Calculating the loss is fast, but the gradient is slow. Breaking down the model to test each part and timing with different model sizes, I have found that it is the Embedding layer for large vocabularies that are the slow part.

I would guess that this is because gradients are being calculated for 2 * vocab size * embedding size parameters, instead of just the rows used in the loss function. In a way, negating the speed-up of negative sampling.

I tried to give Flux a hint by specifying the relevant parameters to calculate gradients for:

@time begin
    for idx in 1:50
        target_idx = rand(1:vocab_length)
        context_idx = rand(1:vocab_length, 16)
        neg_idx = rand(1:vocab_length, 16, 15)
        
        e1_relevant_params = e1_params[idx, :]
        e2_relevant_params = e2_params[[unique(neg_idx); unique(context_idx)], :]
        ps = params(e1_relevant_params, e2_relevant_params)
        
        gs = gradient(ps) do
            l = loss(target_idx, context_idx, neg_idx)
        end
        update!(opt, ps, gs)
    end
end

But no luck.
The above code with embedding = 300
vocab = 10,000 : 91.587846 seconds (15.64 M allocations: 573.023 GiB, 10.84% gc time)
vocab = 1,000 : 8.610751 seconds (2.27 M allocations: 57.374 GiB, 13.34% gc time)

So, am I doing something silly?
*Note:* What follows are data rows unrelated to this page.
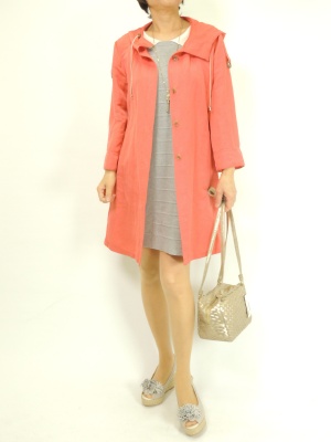 お出かけには春らしい綺麗な色のコートを着たい気分です。衿付きワンピならコートを脱いでも可愛い!フェミニン度90%、アクティブ度10%。
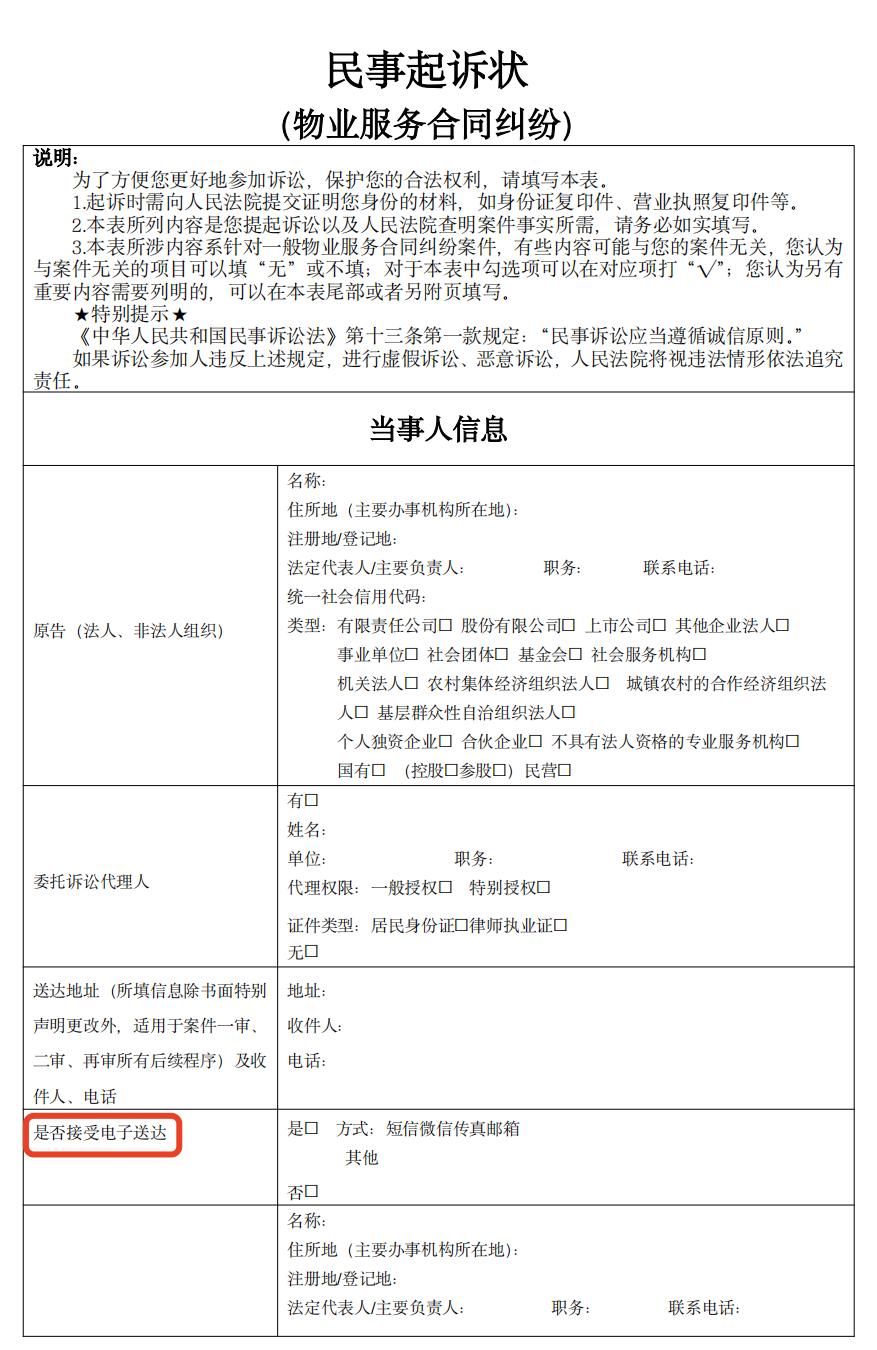 ➤ 要点2:原告的送达地址和联系方式一定要填写准确,建议接受“电子送达”,以便及时接收法院的相关诉讼材料。
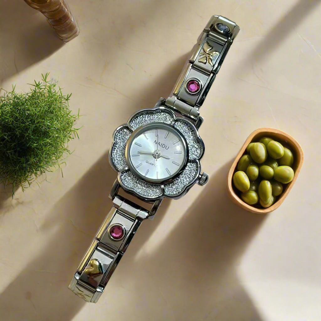 Indulge in luxury with our Women's Quartz Watch, featuring a chic design with zirconia flower inlays. Made with a durable stainless steel strap, this watch is perfect for any party or as a birthday gift for her. Stay elegant and stylish with every tick of the clock.
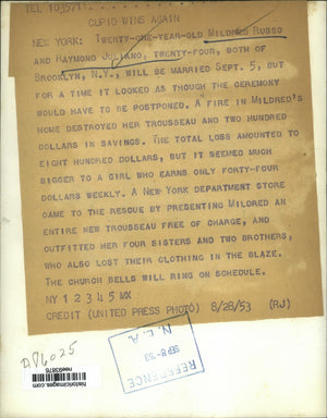 1953 Press Photo Mildred Russi And Raymond Juliano Prepare For Their Wedding
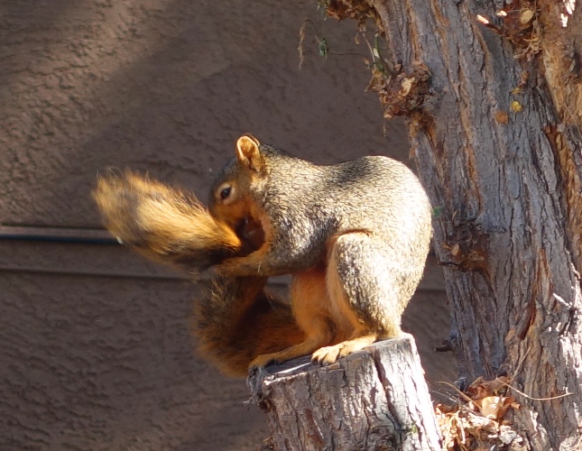 This morning I was looking out into my backyard and saw a squirrel.

Is this something that can be solved with Flux or would I have to implement the gradients manually to only complete targetted calculations?
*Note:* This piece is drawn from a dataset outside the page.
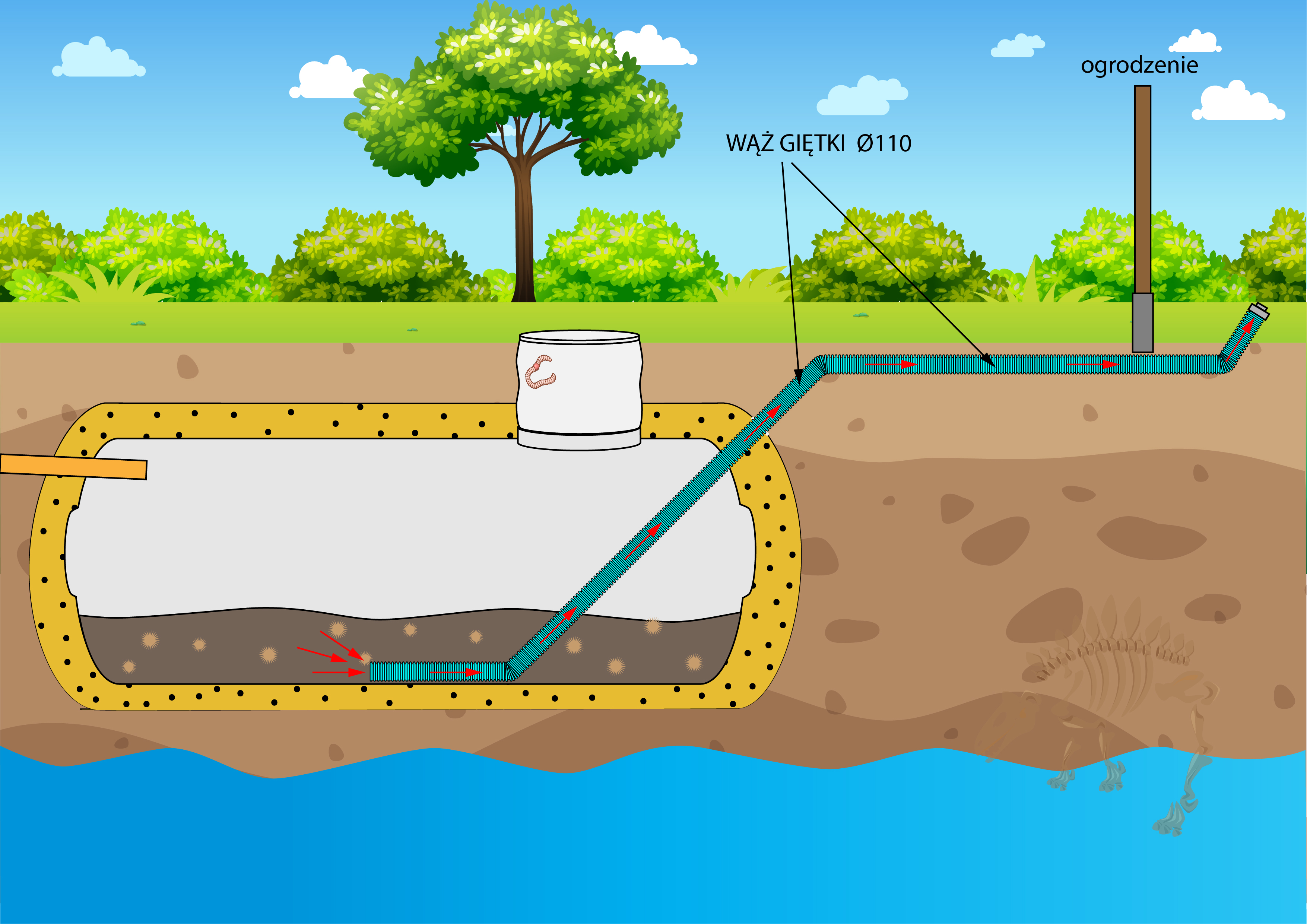 Odcinek węża zanurzony w szambie należy ściąć skośnie i umocować do ściany, w taki sposób by uniemożliwić "przyssanie" się końcówki do dna lub ścianki zbiornika.

Thanks in advance for any help.

2 Likes

So part of the issue is using scalar semantics which lead to a bunch of extra copies, which would be inefficient in reverse mode (but good for Zygote.Forward).

I have implemented a slightly modified version of the same, but I might have confused myself with some dimensions.

using Flux, Flux.Zygote, Flux.Optimise
using LinearAlgebra
using Flux: @functor

struct Embedding{T}
    W::T
end

Embedding(vocab_size::Integer, embedding_size::Integer) = Embedding(randn(Float32, embedding_size, vocab_size))

@functor Embedding

(m::Embedding)(x) = m.W[:, x]

struct DotProduct{T}
    fᵤ::T
    fᵥ::T
end

@functor DotProduct

(m::DotProduct)(x::Tuple{Integer,Integer}) = m.fᵤ(x[1]) ⋅ m.fᵥ(x[2])

(m::DotProduct)(x,y) = sum(m.fᵤ(x) .* m.fᵥ(y))

function main(vocab_length = 10_000, embedding_size = 300)
  encodder = Embedding(vocab_length, embedding_size)
  decodder = Embedding(vocab_length, embedding_size)
  model = DotProduct(encodder, decodder)
  model_zip(x::Integer, y::Integer) = model((x, y))

  opt = Descent()

  function loss(model,
                target_word_index,
                context_word_index,
                negative_sample_word_indices)

    l1 = - sum(log.(sigmoid.(model(target_word_index,
                                   context_word_index))))

    l2 = - sum(log.(sigmoid.(-model(target_word_index,
                                    negative_sample_word_indices))))
    l1 + l2
  end

  @time begin
     for idx in 1:50
        target_idx = rand(1:vocab_length)
        context_idx = rand(1:vocab_length, 16)
        neg_idx = rand(1:vocab_length, 16, 15)

        ps = params(model)

        gs = gradient(ps) do
          l = loss(model, target_idx, context_idx, neg_idx)
        end
        Flux.Optimise.update!(opt, ps, gs)
    end
  end

end

This runs significantly faster for me.

vocal = 10,000

Original:

352.716729 seconds (2.70 M allocations: 1.046 TiB, 7.46% gc time)

Modified:

1.991359 seconds (11.85 k allocations: 3.411 GiB, 5.06% gc time)
7 Likes

It may be illuminating to see how Transformers.jl implements embeddings. Gather/scatter are on the table to be added in NNlib, but the implementations aren’t too difficult to parse since they’re mostly simple loops at heart.

2 Likes

Sorry about the slow reply. I’ve been having computer troubles so didn’t have the time to work on this project. This seems to have done the trick though, still having convergence issues but I think that’s something else.

Thanks for all the help